> **Information provided**
BEGIN
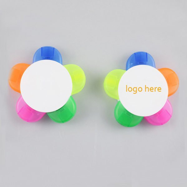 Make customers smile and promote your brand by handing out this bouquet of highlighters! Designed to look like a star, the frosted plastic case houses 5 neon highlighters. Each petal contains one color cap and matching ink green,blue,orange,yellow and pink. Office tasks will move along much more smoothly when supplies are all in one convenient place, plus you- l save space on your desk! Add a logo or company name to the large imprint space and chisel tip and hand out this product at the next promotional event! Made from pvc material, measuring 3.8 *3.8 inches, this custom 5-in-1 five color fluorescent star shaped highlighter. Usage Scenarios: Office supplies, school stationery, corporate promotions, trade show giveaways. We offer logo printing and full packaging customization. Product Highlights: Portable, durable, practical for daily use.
END
BEGIN
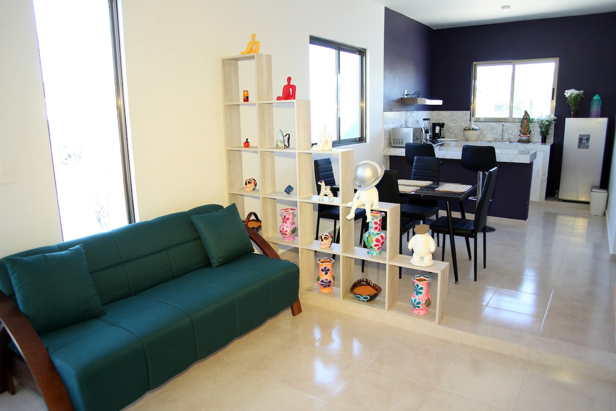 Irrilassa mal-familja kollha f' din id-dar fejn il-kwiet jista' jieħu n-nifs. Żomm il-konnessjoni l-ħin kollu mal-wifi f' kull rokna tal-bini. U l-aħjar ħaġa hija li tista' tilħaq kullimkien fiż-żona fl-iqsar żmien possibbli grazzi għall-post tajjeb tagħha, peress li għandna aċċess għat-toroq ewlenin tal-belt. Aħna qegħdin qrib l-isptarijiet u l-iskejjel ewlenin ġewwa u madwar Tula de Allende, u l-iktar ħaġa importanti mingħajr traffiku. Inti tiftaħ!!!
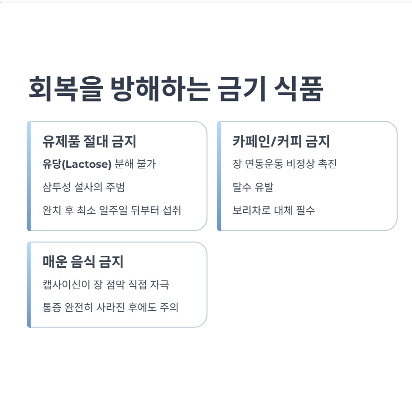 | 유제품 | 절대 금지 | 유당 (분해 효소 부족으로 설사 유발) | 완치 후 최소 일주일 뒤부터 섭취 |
END
With pictures omitted, repeat the entries above word for word from the line holding "Irrilassa mal-familja kollha" down to the line holding "일주일 뒤부터 섭취 |", keeping both of those lines.

> **Reply to the task**
 Irrilassa mal-familja kollha f' din id-dar fejn il-kwiet jista' jieħu n-nifs. Żomm il-konnessjoni l-ħin kollu mal-wifi f' kull rokna tal-bini. U l-aħjar ħaġa hija li tista' tilħaq kullimkien fiż-żona fl-iqsar żmien possibbli grazzi għall-post tajjeb tagħha, peress li għandna aċċess għat-toroq ewlenin tal-belt. Aħna qegħdin qrib l-isptarijiet u l-iskejjel ewlenin ġewwa u madwar Tula de Allende, u l-iktar ħaġa importanti mingħajr traffiku. Inti tiftaħ!!!
 | 유제품 | 절대 금지 | 유당 (분해 효소 부족으로 설사 유발) | 완치 후 최소 일주일 뒤부터 섭취 |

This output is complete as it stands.